■ **Action item**:
In the records below, the lines between the one holding "2023 Miss Asian" and the one holding "老师写纸条鼓励学生,孩子们的眼里瞬间有了光", inclusive, are to be transcribed exactly; no pictures are to be included.

■ **Materials provided**:

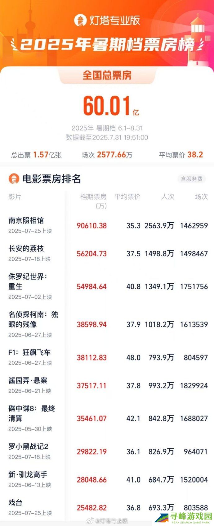 本站 8 月 1 日消息,据灯塔专业版,截至 7 月 31 日 19 时 50 分,2025 年暑期档(6 月-8 月)总票房(含预售)突破 60 亿,《南京照相馆》持续领跑暑期档票房榜。
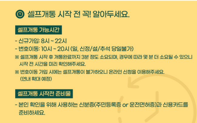 '셀프개통 신청' 방법을 이용하기로 하였습니다.
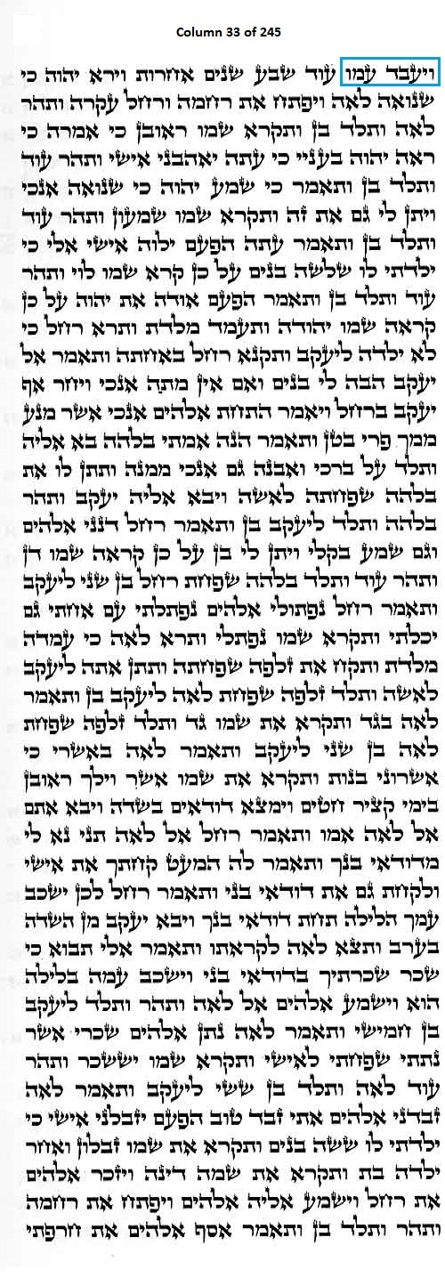 Column 33 of the Torah Scroll begins with the following distinct Line 1 Keywords; this is the only column in the entire Scroll that begins with these keywords:
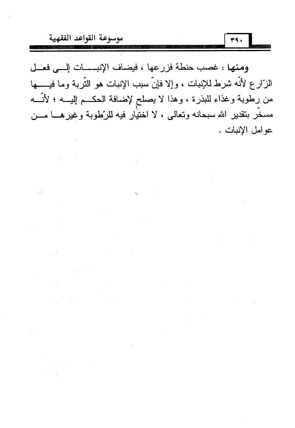 ومنها: غصب حنطة فزرعها، فيضاف الإنبات إلى فعل الزّارع لأنّه شرط للإنبات، وإلا فإنّ سبب الإنبات هو التّربة وما فيها من رطوبة وغذاء للبذرة، وهذا لا يصلح لإضافة الحكم إليه؛ لأنّه مسخّر بتقدير الله سبحانه وتعالى، لا اختيار فيه للرّطوبة وغيرها من عوامل الإنبات.
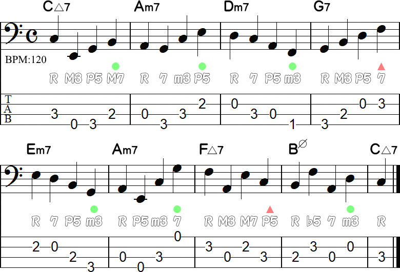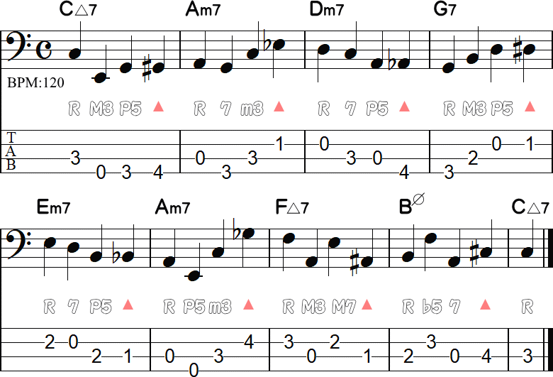 アルペジオというのは、コードを構成する音の、コードトーンと同じ意味です。ただ、同じ音を使うのではなく、一音ずつ違う音を弾き、ウォーキングラインを作るのが、ここでいうアルペジオです。コードのポジションが頭に入っていれば、気軽に使えるウォーキングベースになるでしょう。
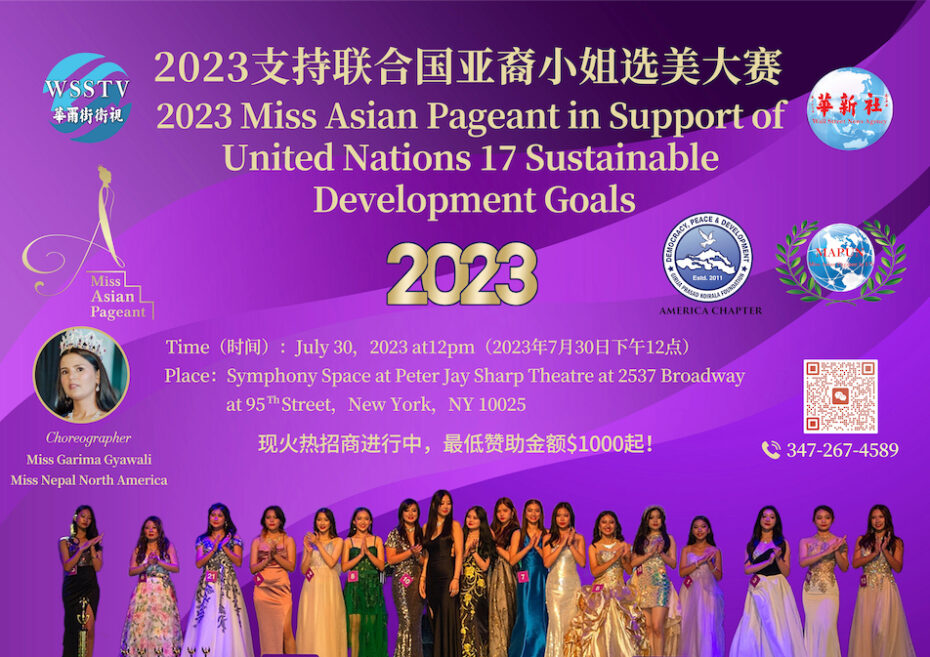 2023 Miss Asian Pageant in support of the United Nations 17 Sustainable Development Goals followed by Good Voice of Americas Singing and Dancing and talents performance WSSTV Cup Contest and ending with Certificate and Award issuing ceremony.
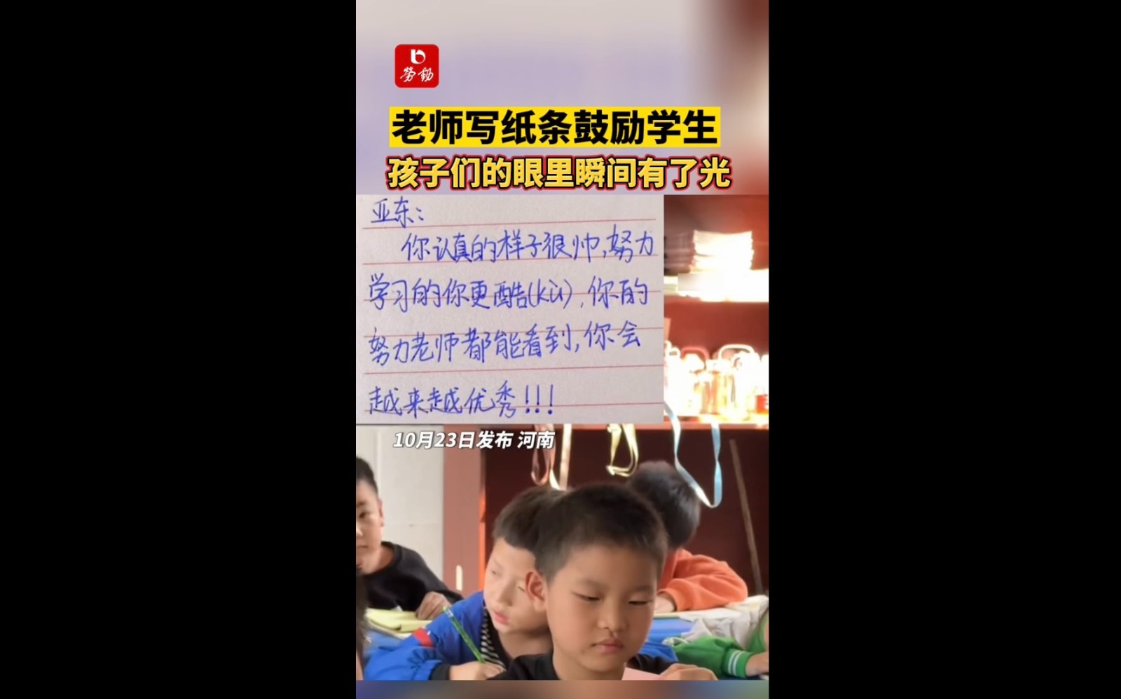 老师写纸条鼓励学生,孩子们的眼里瞬间有了光
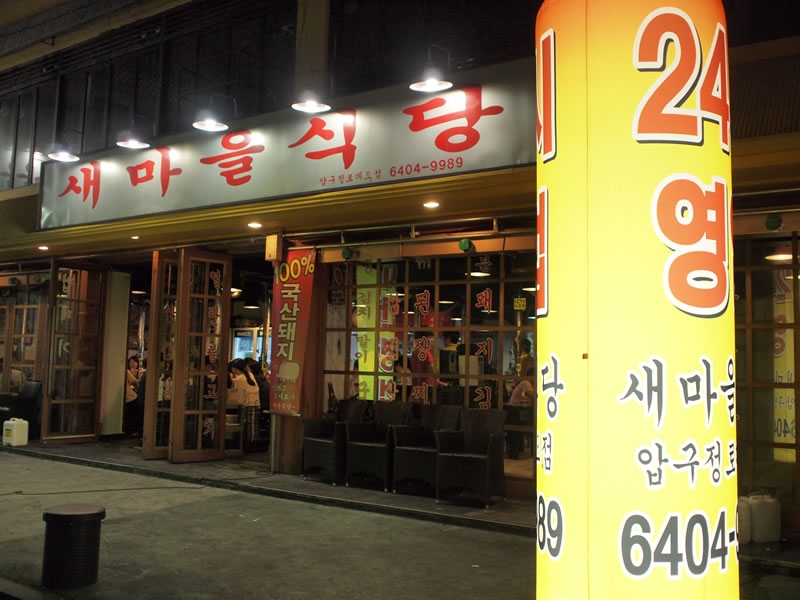 『セマウルシクタン』は主な観光エリアにはたいていあります。明洞(ミョンドン)には2店舗、狎鴎亭(アックジョン)にも2店舗。そのほか、お洒落なカロスキルや、24時間眠らない街・東大門(トンデムン)、学生の街・弘大(ホンデ)などにも店舗があります。ちなみに狎鴎亭駅店は24時間営業。クラブなどで夜遊びしてお腹が空いたら、フラリと立ち寄ることができます。
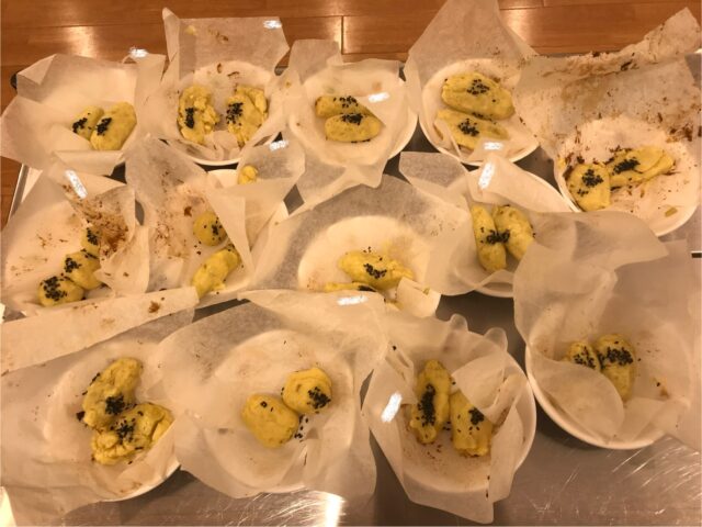 蒸したさつまいもに砂糖と豆乳を入れてビニール袋の中でよくこね、クッキングシートの上で丸めたり形を整えたりして完成!

■ **Answer to this task**:
 2023 Miss Asian Pageant in support of the United Nations 17 Sustainable Development Goals followed by Good Voice of Americas Singing and Dancing and talents performance WSSTV Cup Contest and ending with Certificate and Award issuing ceremony.
 老师写纸条鼓励学生,孩子们的眼里瞬间有了光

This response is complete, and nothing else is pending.